*** Block opens ***
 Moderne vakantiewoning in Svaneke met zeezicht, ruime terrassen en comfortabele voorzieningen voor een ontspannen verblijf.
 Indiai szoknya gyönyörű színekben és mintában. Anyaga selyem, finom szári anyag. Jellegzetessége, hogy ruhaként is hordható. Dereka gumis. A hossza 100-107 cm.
*** Block closes ***
*** Block opens ***
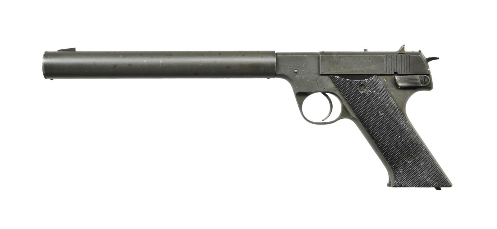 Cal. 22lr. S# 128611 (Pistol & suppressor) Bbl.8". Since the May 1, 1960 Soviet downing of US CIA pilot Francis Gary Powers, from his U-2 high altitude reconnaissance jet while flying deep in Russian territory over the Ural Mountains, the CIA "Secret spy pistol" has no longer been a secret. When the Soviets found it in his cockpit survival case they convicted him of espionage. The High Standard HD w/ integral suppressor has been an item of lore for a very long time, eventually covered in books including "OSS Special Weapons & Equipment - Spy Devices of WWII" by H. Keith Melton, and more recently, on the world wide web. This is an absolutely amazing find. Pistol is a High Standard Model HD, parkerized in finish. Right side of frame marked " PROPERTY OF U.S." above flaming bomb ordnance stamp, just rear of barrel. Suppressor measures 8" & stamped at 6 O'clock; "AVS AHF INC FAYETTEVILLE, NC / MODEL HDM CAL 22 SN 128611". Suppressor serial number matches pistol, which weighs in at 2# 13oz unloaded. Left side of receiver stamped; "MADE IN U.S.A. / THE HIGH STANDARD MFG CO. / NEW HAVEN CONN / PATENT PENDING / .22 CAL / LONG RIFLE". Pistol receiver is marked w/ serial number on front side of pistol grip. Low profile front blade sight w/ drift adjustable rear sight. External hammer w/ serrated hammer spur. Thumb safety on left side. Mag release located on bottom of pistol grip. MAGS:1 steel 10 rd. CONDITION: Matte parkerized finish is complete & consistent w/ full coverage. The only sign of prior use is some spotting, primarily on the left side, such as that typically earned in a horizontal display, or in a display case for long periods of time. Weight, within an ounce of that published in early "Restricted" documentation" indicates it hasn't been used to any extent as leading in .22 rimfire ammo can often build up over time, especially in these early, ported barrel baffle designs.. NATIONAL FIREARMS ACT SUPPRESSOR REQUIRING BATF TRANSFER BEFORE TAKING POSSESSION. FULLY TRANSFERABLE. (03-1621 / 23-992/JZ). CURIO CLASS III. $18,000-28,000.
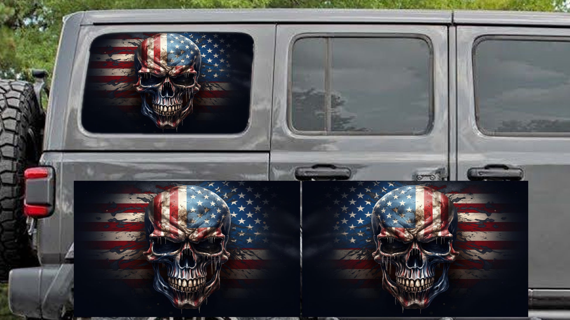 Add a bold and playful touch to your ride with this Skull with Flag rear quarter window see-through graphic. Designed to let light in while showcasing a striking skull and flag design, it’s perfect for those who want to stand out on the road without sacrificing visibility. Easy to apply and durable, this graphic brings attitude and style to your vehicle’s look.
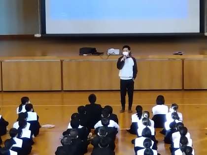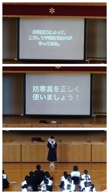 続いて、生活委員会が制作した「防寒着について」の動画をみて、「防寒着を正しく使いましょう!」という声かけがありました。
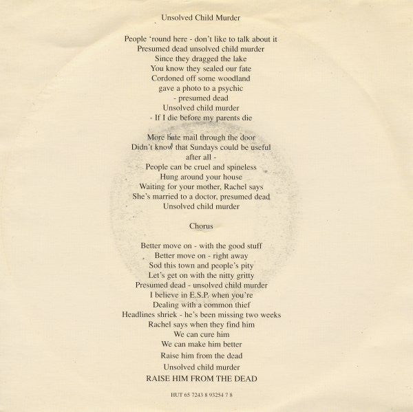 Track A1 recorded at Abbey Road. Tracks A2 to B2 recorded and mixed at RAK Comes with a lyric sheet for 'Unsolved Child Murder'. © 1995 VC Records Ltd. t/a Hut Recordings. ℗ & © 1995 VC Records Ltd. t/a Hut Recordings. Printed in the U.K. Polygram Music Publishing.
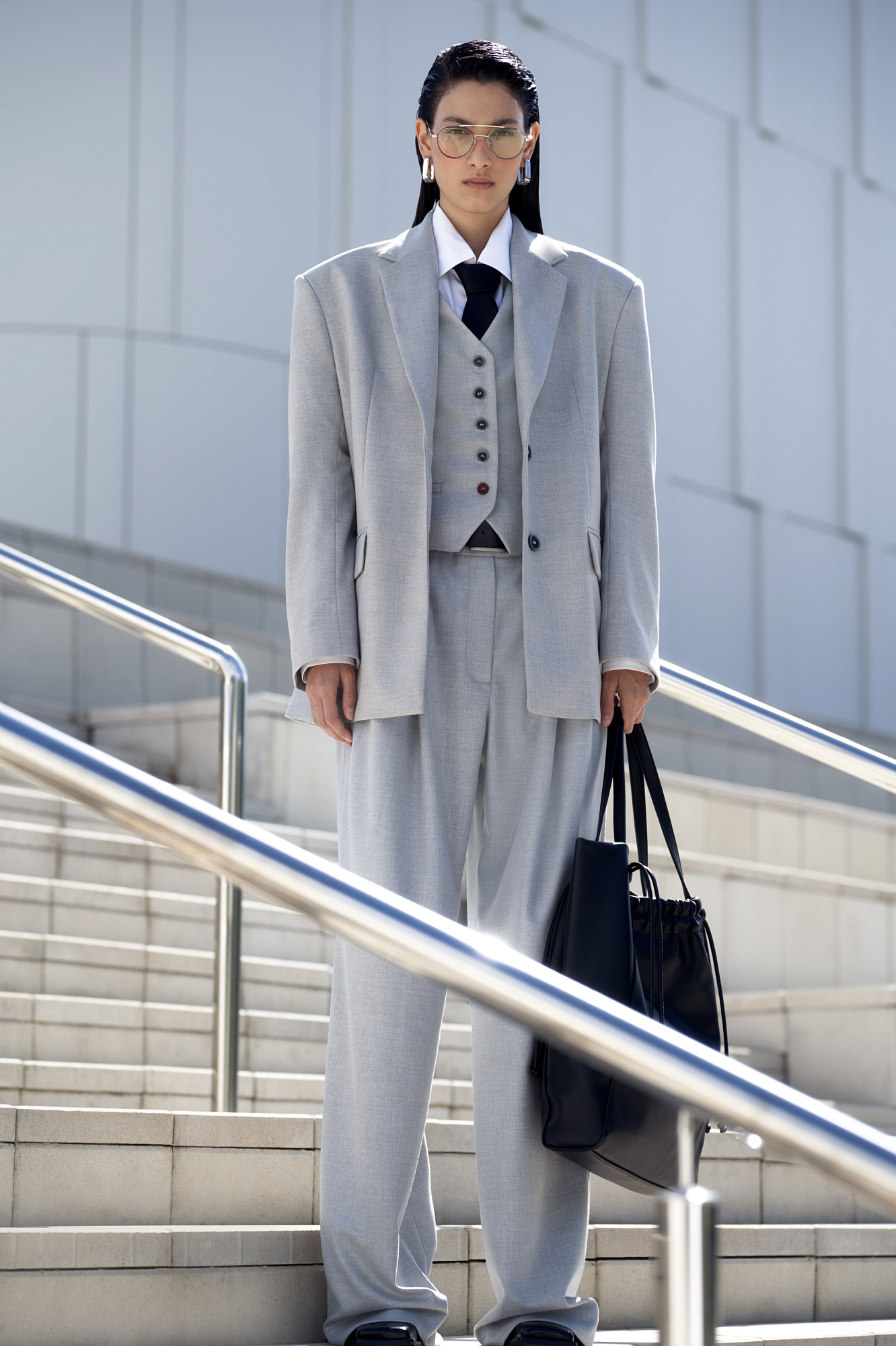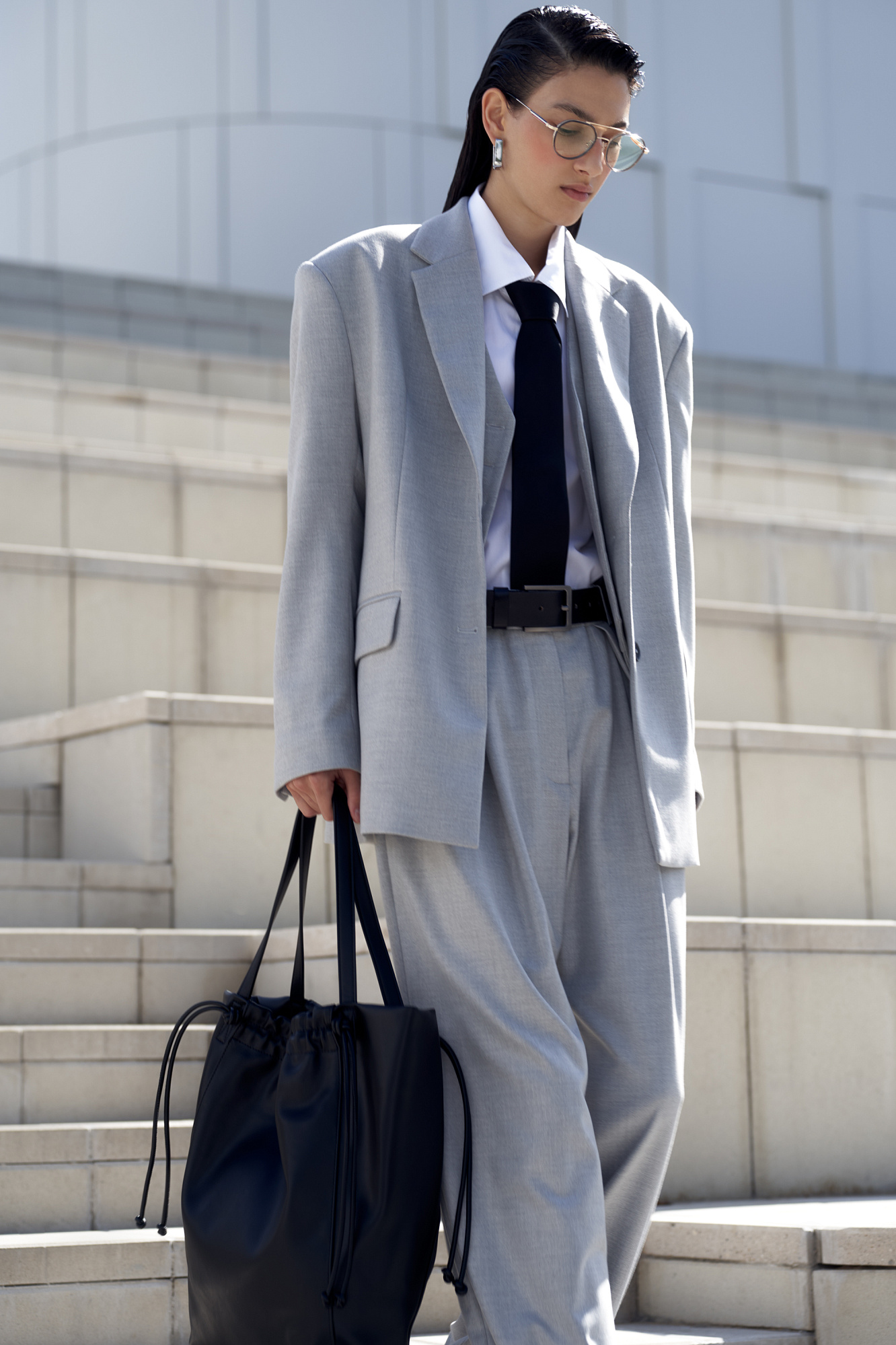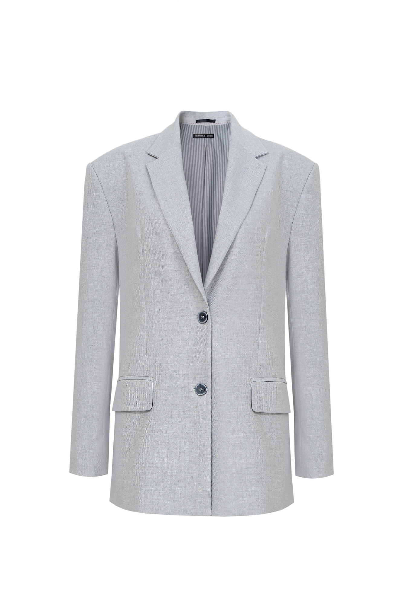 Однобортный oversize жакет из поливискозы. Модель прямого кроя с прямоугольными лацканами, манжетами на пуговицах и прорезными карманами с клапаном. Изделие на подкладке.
*** Block closes ***
→ INSTRUCTIONS TO FOLLOW:
Retype exactly the span of lines from the one with "Moderne vakantiewoning in" through the one with "Indiai szoknya gyönyörű"; include both ends and omit the rest of the material.

→ WRITTEN RESPONSE:
 Moderne vakantiewoning in Svaneke met zeezicht, ruime terrassen en comfortabele voorzieningen voor een ontspannen verblijf.
 Indiai szoknya gyönyörű színekben és mintában. Anyaga selyem, finom szári anyag. Jellegzetessége, hogy ruhaként is hordható. Dereka gumis. A hossza 100-107 cm.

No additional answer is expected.